Three in ten 40-something Britons feel under pressure to stay in a job they do not like so they can maintain their financial stability, a report has found.
The research among people aged between 40 and 49 found 29 per cent feel forced to stay in a job they are not happy with in order to keep their finances on track.
Meanwhile, 42 per cent regret not putting more money away, 22 per cent thought they would have been in a better-paid job by now and 16 per cent wish they had better qualifications, according to the study by Nationwide Savings.
The survey delved into the concerns of the age group often described as the “squeezed middle”, with 43 per cent fearing their pension pot will not be big enough, 30 per cent worrying about supporting their children and 21 per cent concerned about caring for parents or grandparents.
Men who took part in the survey earn £28,460 in average, while the women surveyed earn £21,629. The average amount people in their 40s have in savings is £8,665 – and despite many being well into their careers they also still owe £681 on average to the “bank of mum and dad”. The average credit card debt held by this age group is £1,626.
The research also found that 13 per cent of those surveyed had managed to pay off their mortgage, while 52 per cent were still doing so.
Money worries may also be taking their toll on the health of some 40-somethings.
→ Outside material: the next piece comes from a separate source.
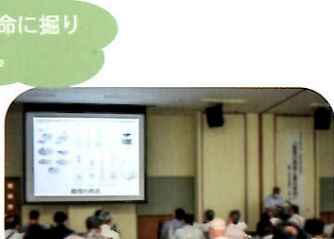
第1回企画展記念講演会

Some 47 per cent said they had suffered stress and anxiety and 41 per cent had endured sleep-related issues. More than half of those surveyed had experienced back pain.
When it comes to getting into shape, more than a quarter (27 per cent) of 40-somethings regret not doing enough exercise, with 53 per cent saying they do not do any exercise in a typical month. Some 30 per cent of those surveyed worry about how they look.
Looking at 40-somethings’ social lives, the research suggests someone in this age group typically prefers to spend a night in front of the TV than in the pub, likes to go on holiday once a year and enjoys two family outings a month.
Andrew Baddeley-Chappell, Nationwide Building Society’s head of savings policy, said: “At a time when we could be considered in our prime, our research suggests that some Brits are finding their 40s quite tough. Their message to the younger generations would be to spend more time looking after your finances and your fitness – avoid that squeezed middle in both senses.”